The Court finds neither Mangini or Myers convincing on this point. Adopting the reasoning of those cases would essentially create federal jurisdiction over any section 17200 claim between diverse parties, no matter how small the injury to the representative plaintiff. Such a result is untenable. Section 17200 is not a federal cause of action.

Instead, the Court adopts the reasoning of another district court case from this Circuit. See Phipps v. Praxair, Inc., 1999 WL 1095331 (S.D.Cal.). The Phipps court rejected Mangini, noting that the attempted distinction between class actions and section 17200 representative actions was essentially a distinction without a difference. The rule prohibiting plaintiffs from aggregating their claims need not apply only to class actions brought under Rule 23. Phipps, 1999 WL 1095331 at *5. Indeed, the prohibition on aggregation applies in non-class multiple-plaintiff cases as well. Id.; see also Borgeson v. Archer-Daniels Midland Co., 909 F. Supp. 709, 714 (C.D.Cal. 1995) (citing Snyder, 394 U.S. 332, 89 S.Ct. 1053, 22 L.Ed.2d 319) ("[T]he doctrine of aggregation of claims [is] not and [has] never been based on the categories of Rule 23. . . . Rather, the doctrine is in fact based on the Supreme Court's interpretation of `matter in controversy,' within the meaning of the diversity statute."). Like class actions, claims under section 17200 seek relief on behalf of numerous individuals. Accordingly, in determining jurisdiction over section 17200 claims, courts should not consider the potential costs to the defendant of compliance with a potential injunction. See also Arnold v. General Motors Corp., 1998 WL 827726 (N.D.Cal.); Morison v. Rand McNally & Co., 1997 WL 564028 (N.D.Cal. Sept. 4, 1997).

Applying this reasoning, the Court is convinced that the rule explained in Snow should be applied in plaintiffs case. In the context of defendant's argument, this outcome makes a great deal of sense. In its response the Court's July 10 Order to Show Cause, defendant urges the Court to consider the administrative costs of paying awards to individual policyholders in the aftermathofan adverse judgment. These costs clearly arise from the separate claims of individual policyholders rather than any aggregated claim on behalf of a unified group. Because these costs address the distinct claims of numerous injured individuals, they will not be considered by the Court in determining the amount in controversy.

The Court's second reason for rejecting defendant's "administrative costs" argument is much more basic. Even if the Court were to consider the cost to defendant of complying with an injunction, that extra cost would not raise the total amount in controversy to the jurisdictional level. According to the declaration of Trinh Hinson, submitted by defendant in support of its response to the Court's July 10 order, the total administrative cost of compliance with an injunction in this case may total approximately $20,000. Even if the Court accepts this figure as a component of the amount in controversy in this case, defendant has still failed to meet its burden of establishing that $75,000 is at issue. For these reasons, the Court rejects defendant's "administrative costs" argument.
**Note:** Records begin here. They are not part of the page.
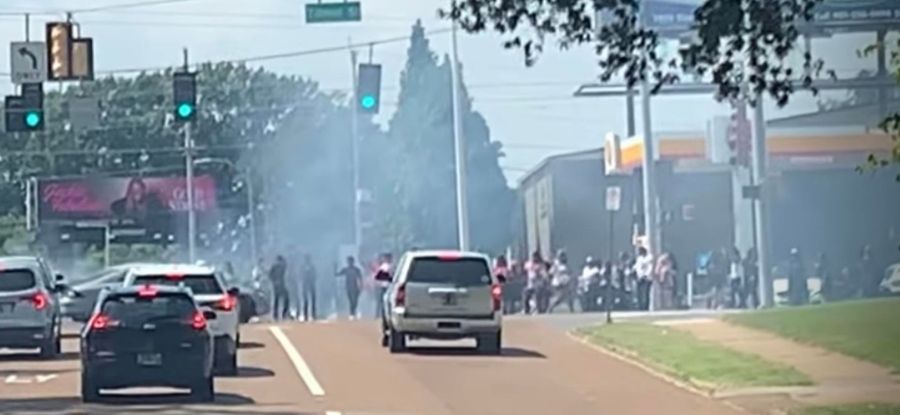In the video, you can see smoke in the intersection and people recording the action.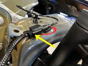 - Enchufe el conector eléctrico en línea del sensor de velocidad de la rueda delantera izquierda y, a continuación, fije el clip.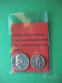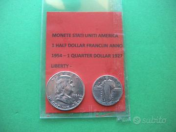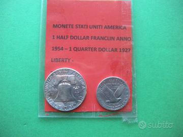2 Monete degli Stati Uniti America : half-dollar Franchlin anno 1954 - Querter dollar '' Liberty '' 1927 - ottimo lo stato di conservazione -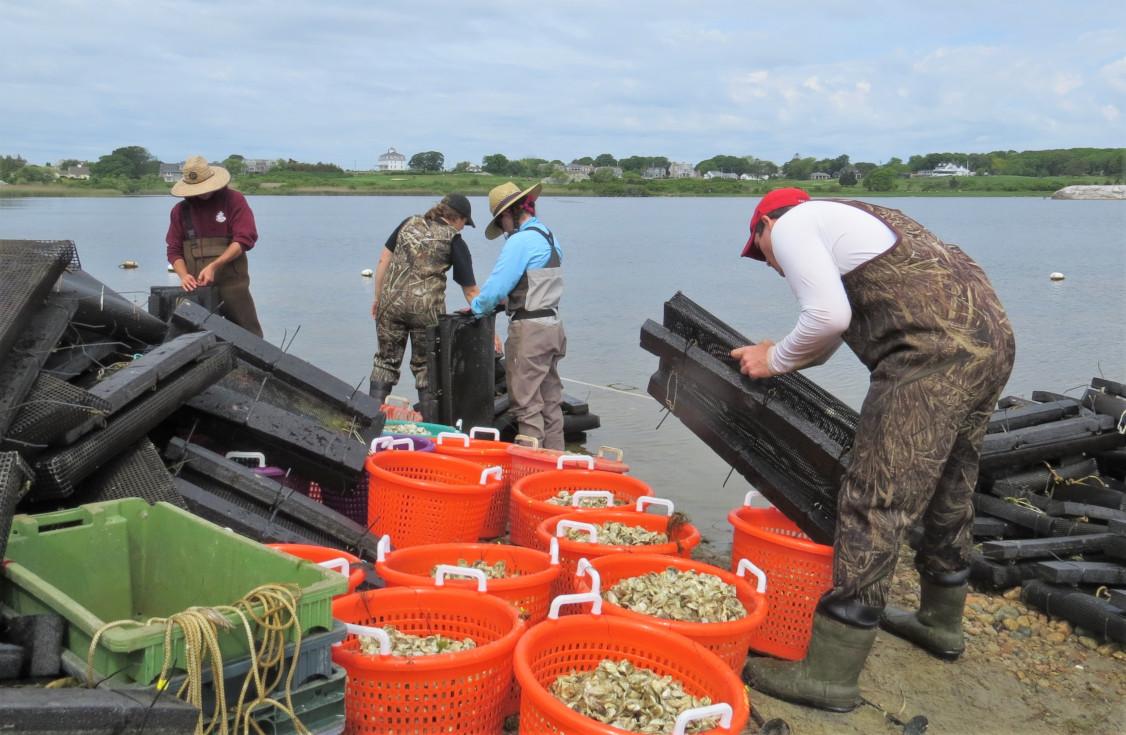 The experimental work is winding down. This is the final year of the four-year project. This summer over 200,000 of the oysters grown in Cockeast Pond were given to the Town of Westport. Once the oysters reach market size they must be removed from the pond, which is closed to shellfishing. These oysters were transplanted to a contaminated relay site in the Westport River with the help of Chris Leonard, Westport Director of Marine Services and volunteers. This summer the last 30,000 oysters in the pond will be used in small scale experiments. After the results are compiled, we plan to have Dr. Howes and members of his team present the data.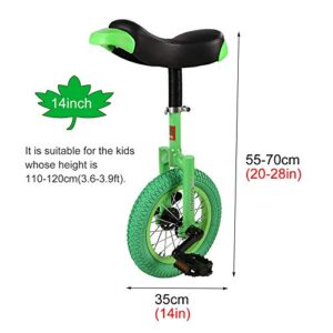 Einrad Grünes Einrad für Kinder/Jugendliche/Anfänger/Kleinkinder, strapazierfähig, höhenverstellbar, Outdoor-Fitness (Größe: 14 Zoll) (Grün)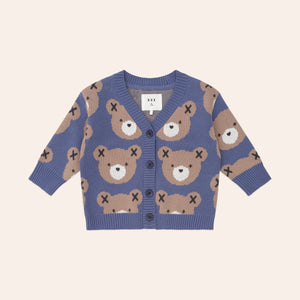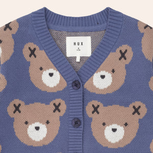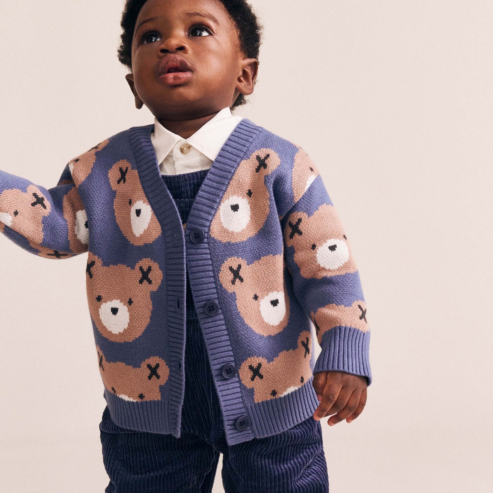 Meet the ‘wear everywhere’ cardi. This lightweight knit cardi is made from premium organic cotton in a deliciously soft jacquard knit. Featuring front pockets and our custom Huxbear print, it'll keep them snug as a bug—or a bear.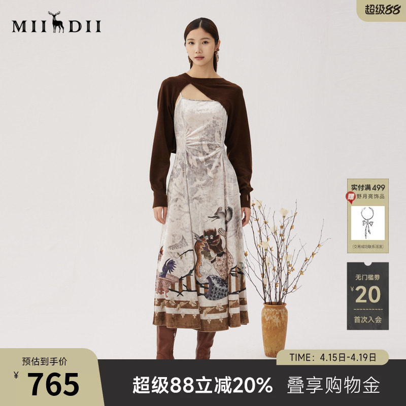 谜底【湘绣系列】两件式连衣裙2024秋款丝绒吊带裙+毛衫243GL1177

Defendant has failed to meet its burden of establishing that the amount in controversy in this case exceeds $75,000. In the Court's view, this is a $5,000 case. Neither plaintiffs bold and unsupported demand nor plaintiffs section 17200 allegation can change this basic fact. Therefore, the Court hereby REMANDS the case to the Superior Court of Alameda County. Each party shall bear its own fees and costs in connection with this removal.